> WHAT YOU SHOULD DO: Exactly as written, print every line of the listing below and omit its pictures.

> SOURCE DATA:
____________________

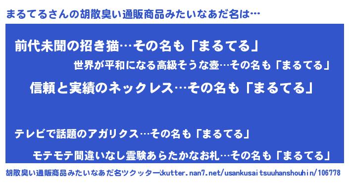 | 欧米人風あだ名 | 『ウサインまるてる』『マイケルまるてる』 |
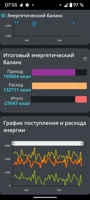 | Итого за день | 1084 | 1832 | 70 | 91 | 179 |
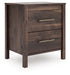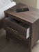 Details Made with engineered wood (MDF/particleboard/plywood) and decorative laminate for the right balance of affordability and durability, Rich brown finish over replicated walnut wood grain with authentic touch, Decorative laminate replicates natural or man-made material surfaces with consistent color, pattern and texture, Burnished goldtone pulls, 2 smooth-gliding drawers with vinyl-wrapped sides and back, Assembly required

____________________

> RESULT:
 | 欧米人風あだ名 | 『ウサインまるてる』『マイケルまるてる』 |
 | Итого за день | 1084 | 1832 | 70 | 91 | 179 |
 Details Made with engineered wood (MDF/particleboard/plywood) and decorative laminate for the right balance of affordability and durability, Rich brown finish over replicated walnut wood grain with authentic touch, Decorative laminate replicates natural or man-made material surfaces with consistent color, pattern and texture, Burnished goldtone pulls, 2 smooth-gliding drawers with vinyl-wrapped sides and back, Assembly required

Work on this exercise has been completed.